St. Josephat Polish National Catholic
417 N. Third Ave. E. | Architects: Bray & Nystrom | Built: 1908 | Extant
By the mid-1890s Catholic Poles in America felt just as oppressed by the American Catholic Church’s Irish-German hierarchy as they did by the Prussians many of them had fled from. A group of Catholic Poles in Scranton, Pennsylvania, revolted in 1897 after their request for a Polish bishop was denied, and riots ensued. Led by Reverend Franciszek Hodur, they formed an independent church, St. Stanislaus, which evolved into the Polish National Catholic Church.
When Reverend Kamil Sierzputowski and his followers at St. Mary Star of the Sea rebelled against Roman Catholicism in 1907, Bishop James McGolrick excommunicated them. On Sunday, August 18, they gathered at the former First Swedish Evangelical Lutheran Church at 131 West Second Street for Mass led by Sierzputowski. Meanwhile, in every Roman Catholic Diocese church in the city, priests read aloud a letter from McGolrick condemning the rebels and instructing other Catholics not to speak to them: excommunication. At eleven a.m., as Sierzputowski was delivering his sermon, a bolt of lightning struck the building’s sixty-foot steeple. The next day, newspapers speculated whether this “miracle” would frighten the parishioners back to the diocese.
It did not. The group formed the St. Josephat’s Polish National Catholic Parish and hired architects William Bray and Carl Nystrom to design them a church of their own. Their Romanesque Revival building sits on a foundation of pressed brick and is faced with red brick from Menomonie, Wisconsin, trimmed with contrasting Bedford limestone. Two square towers with hexagonal steeples topped with crosses rise from the corners along it Fifth Street central façade. Between them, over the recessed arch entryway, sits a large stained-glass rose window. Bishop Hudor himself came from Scranton to help lay the cornerstone. When the church was completed in May 1908, Sierzputowski led its dedication Mass—in Polish.
But within months Sierzputowski abandoned his flock without explanation, fleeing to Cleveland and leaving parishioners heavily in debt for their new building. He begged McGolrick to return to the Roman Catholic Church, and a letter he wrote in September 1908 denouncing his actions and the parish of St. Josephat’s as “wicked” was read in every Duluth Catholic Diocese Church. Meanwhile, the architects and contractors tried to sue the congregation for unpaid contracts, and the building was nearly sold off by the county sheriff. Fortunately the congregation was able to arrange a mortgage, which was paid off about the same time the first service in English took place in 1941.
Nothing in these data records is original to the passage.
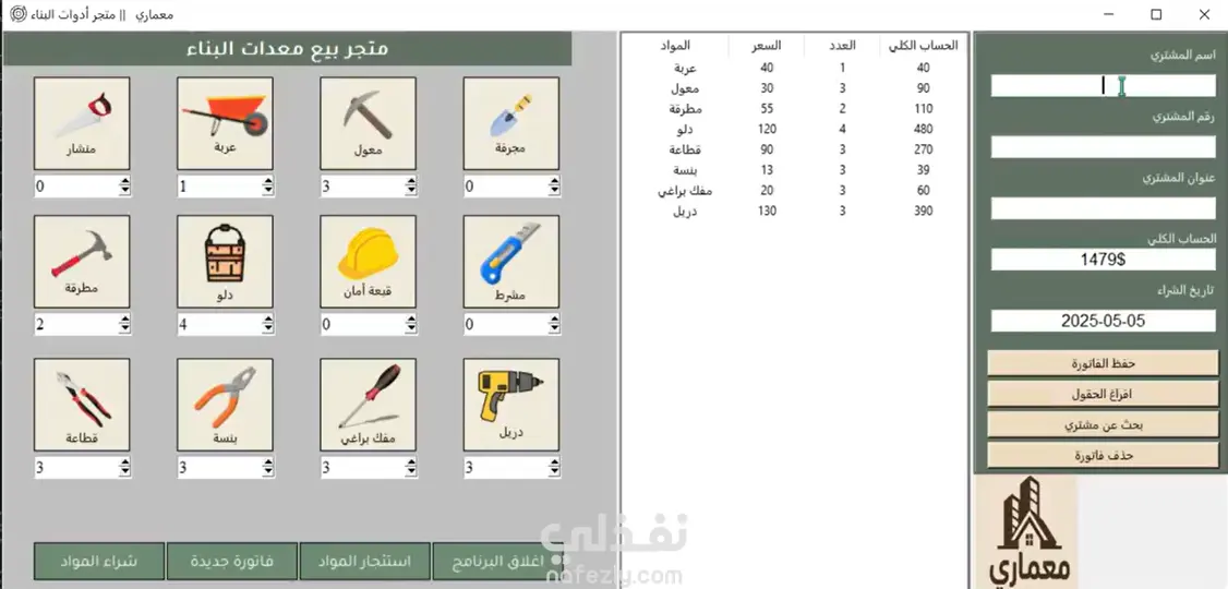 إضافة بيانات العميل (الاسم – الرقم – العنوان – التاريخ).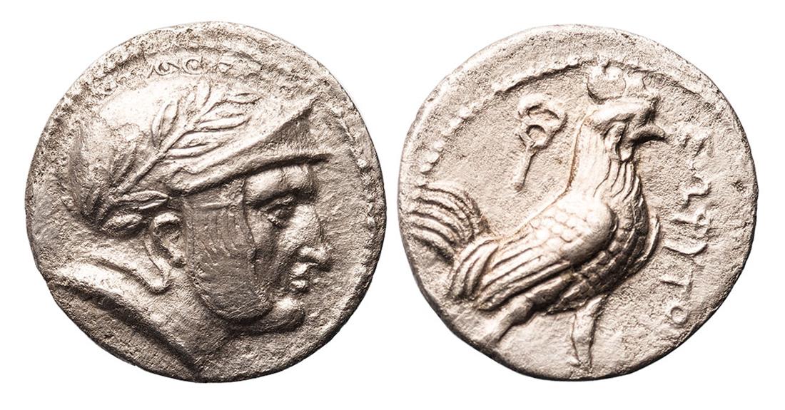 Baktria. Pre-Seleukid Era. Sophytes (ca. 305-294 BC). AR Drachm. 3.41 gms. Male head right, wearing crested helmet adorned with a laurel wreath, cheek-piece decorated with a wing, rev. ΣΩΦYTOY, Cock standing right, caduceus in left field. Bop. Sophytes 3A, SNG ANS 22, MIG Type 29b. The identity and position of Sophytes remain a mystery. But current thought is that he was a local ruler installed ca. 305 BC by Seleukos I during his eastern campaign and war with the Mauryan emperor Chandragupta. Thus this coinage would have been struck prior to the establishment of the Seleukid mints in the area in ca. 294 BC. Slight porosity. Near Extremely Fine and rare.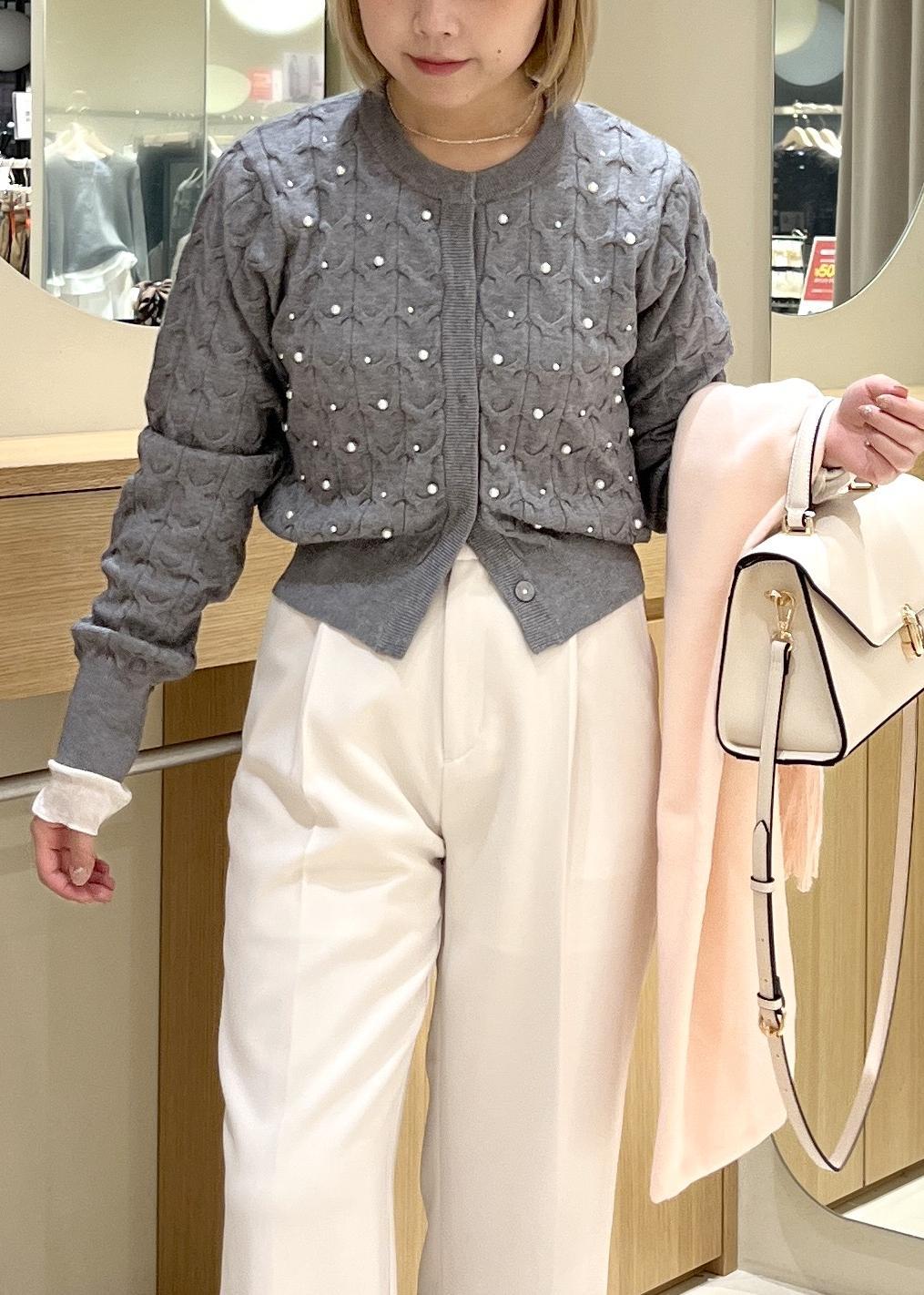 VISパールケーブルカーディガンチャコール / F¥6,589レビューモチモチの生地で、大小のパールが輝く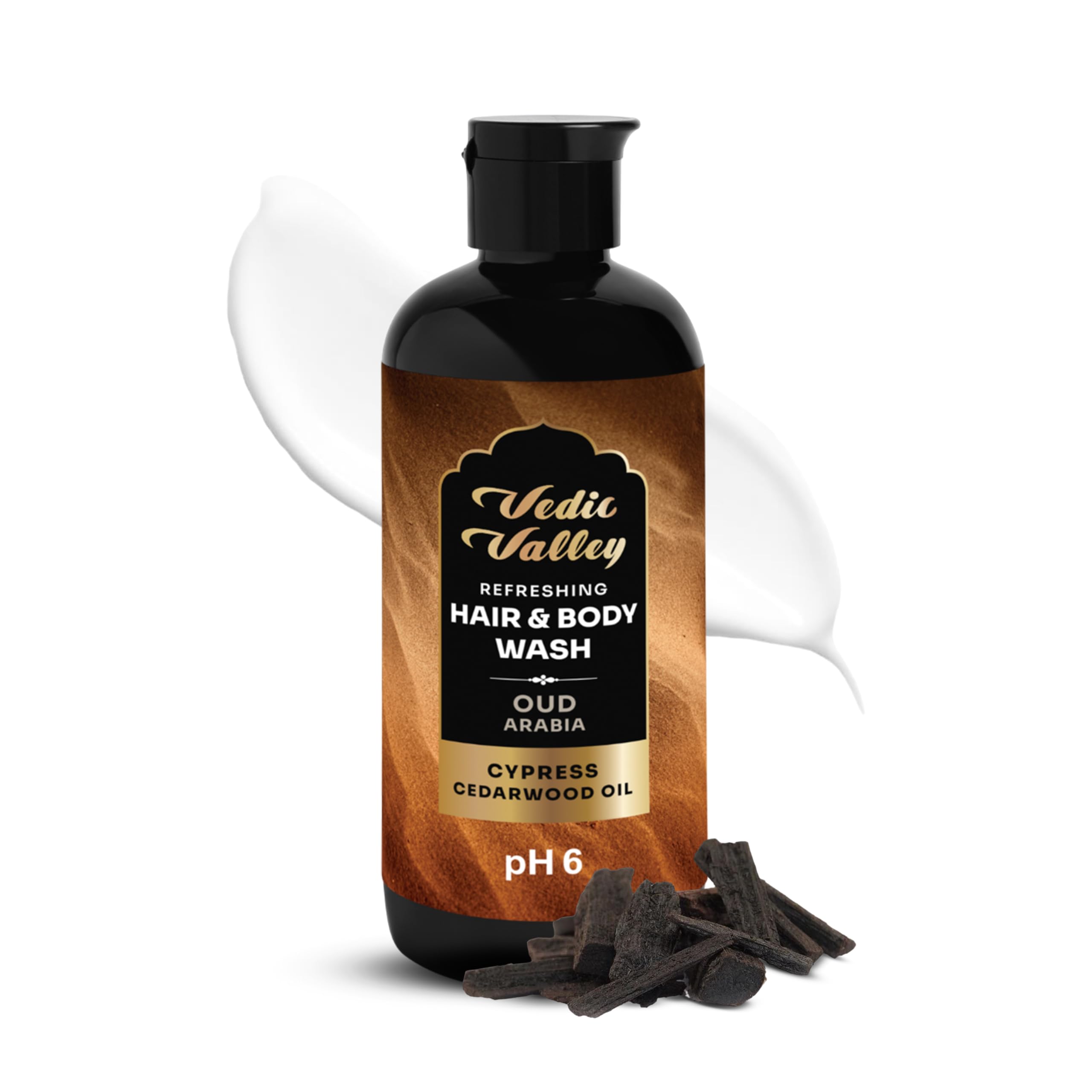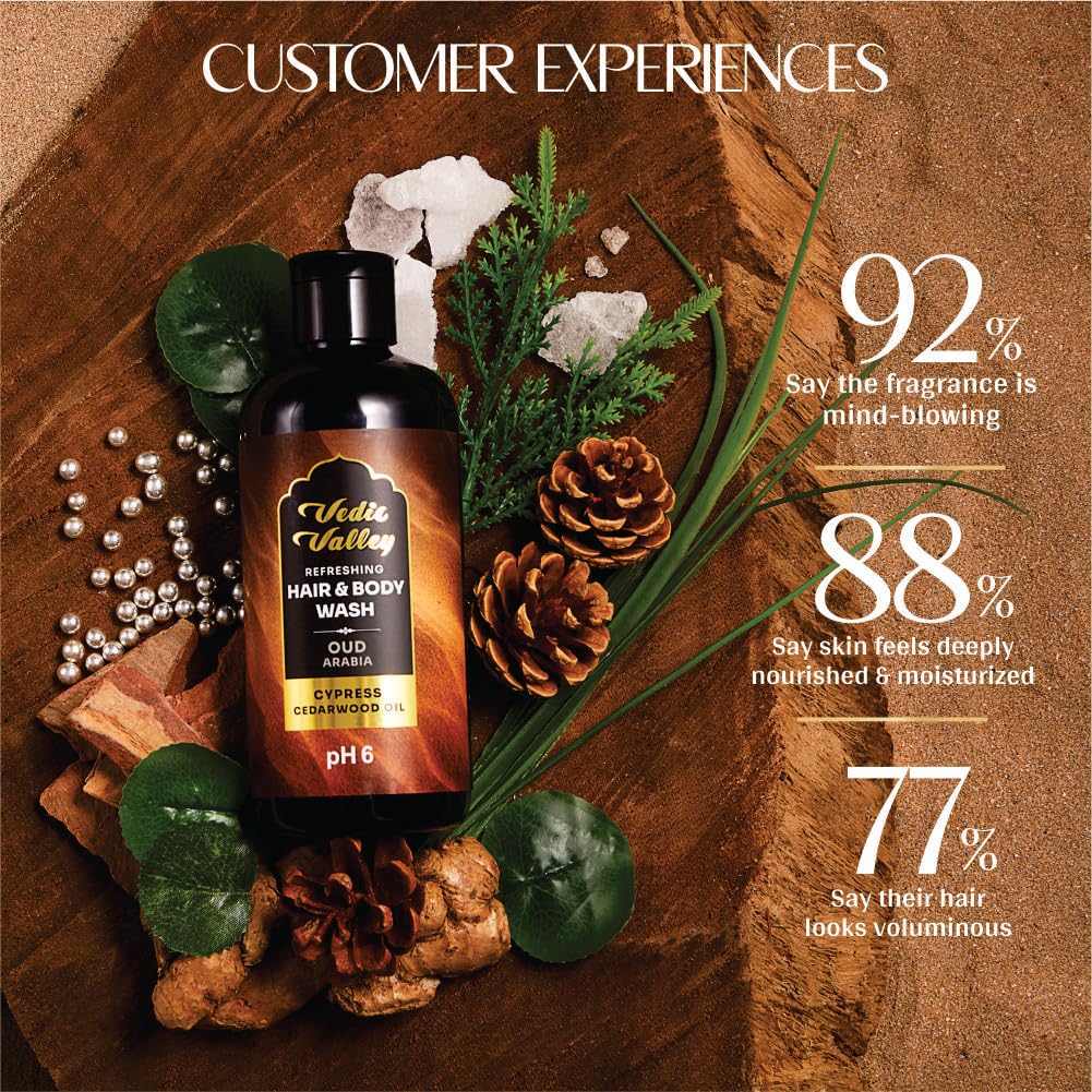 VEDIC VALLEY Oud Arabia Vegan Sulphate & Paraben Free Hair & Body Wash for Men & Women - 300 ml with Organic Actives Brightens Skin Deeply Nourishes & Moisturizes Reduces Hair Fall & Loss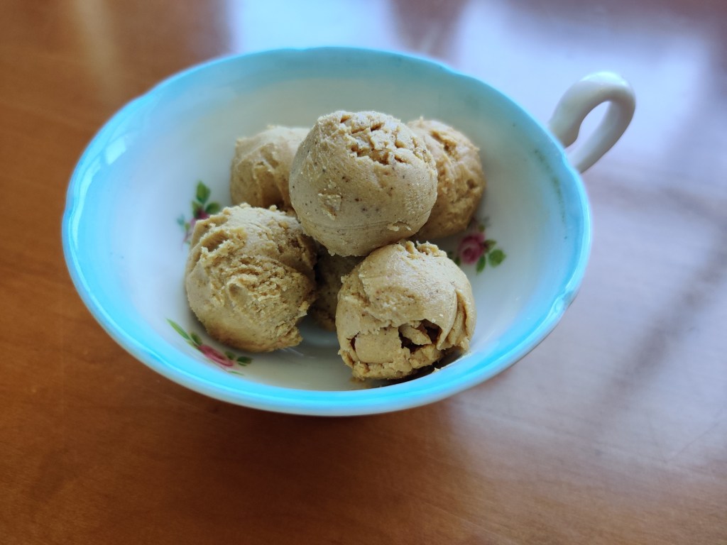 I had an exercise-buff friend who was looking to gain weight and was not fond of chocolate. He also wasn’t particularly fussy about taste as long as it did the job. Fat bombs are a keto treat that are predominantly low in carbs and protein and insanely high in fat. They’re usually taken to fulfil a fat quota imposed in keto. I thought this old be a good place to start. Taking a traditional fat bomb recipe I swapped out the coconut oil for cacao butter but kept the almond butter. I added the xylitol and then added in the fiber and protein powder for give it more exercise focused nutrients. I chose to use the pumpkin powder since he said he didn’t care about taste and I was ready to have it gone from my sight.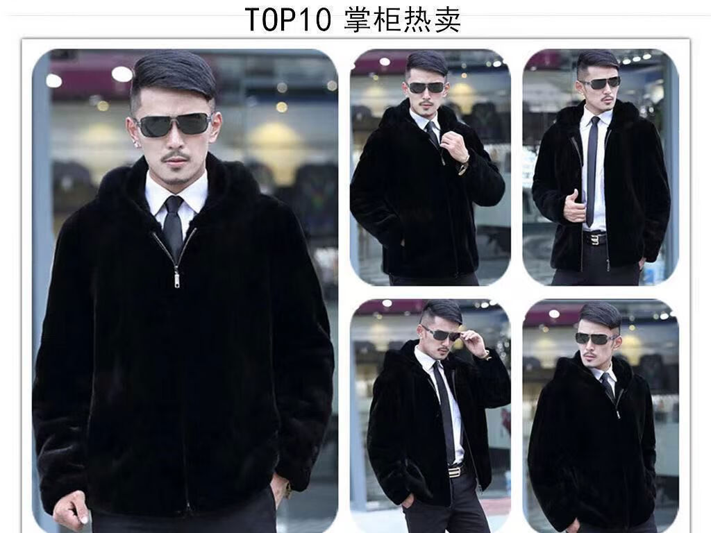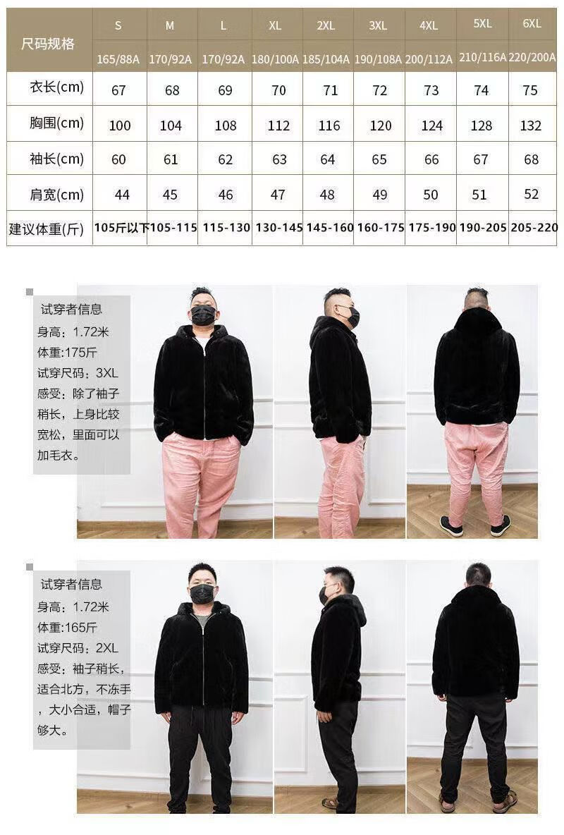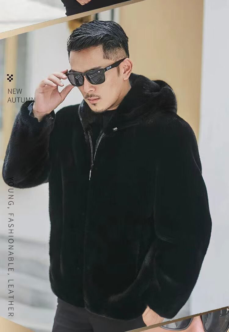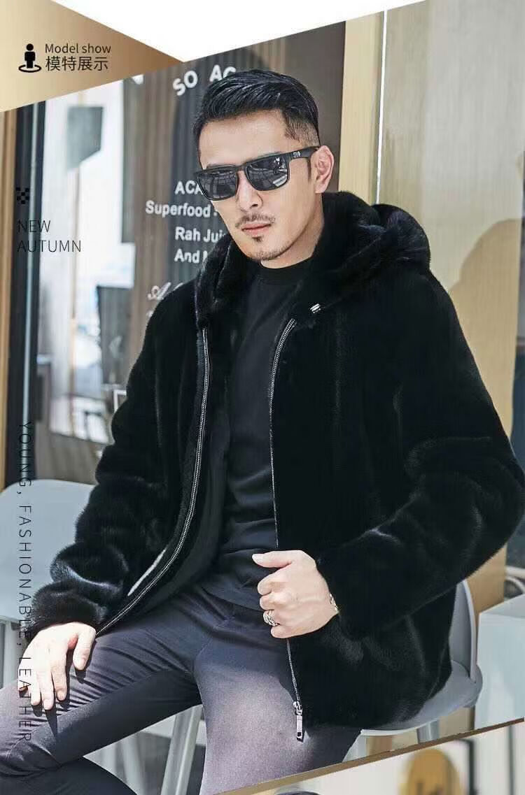 Off-season mink coat men's velvet whole mink winter hooded jacket mink fur imitation mink coat thickened hooded style XL XL125-135Jin Jin equals 0.5 kg

While its congregation had dwindled to less than twenty by 2006, St. Josephat held masses until the spring of 2021, when finances forced them to sell the building to Hope City Church, which had been using the facility for several years. St. Josephat’s congregation remains together, merging in 2021 with Minneapolis’s Sacred Heart church. Father John Kutek visits Duluth monthly for services in rented facilities. Unfortunately for St. Josephat’s new owners, on August 28, 2021, lightning struck the western steeple, setting it aflame. At this time there is no word if the new congregation will have it rebuilt.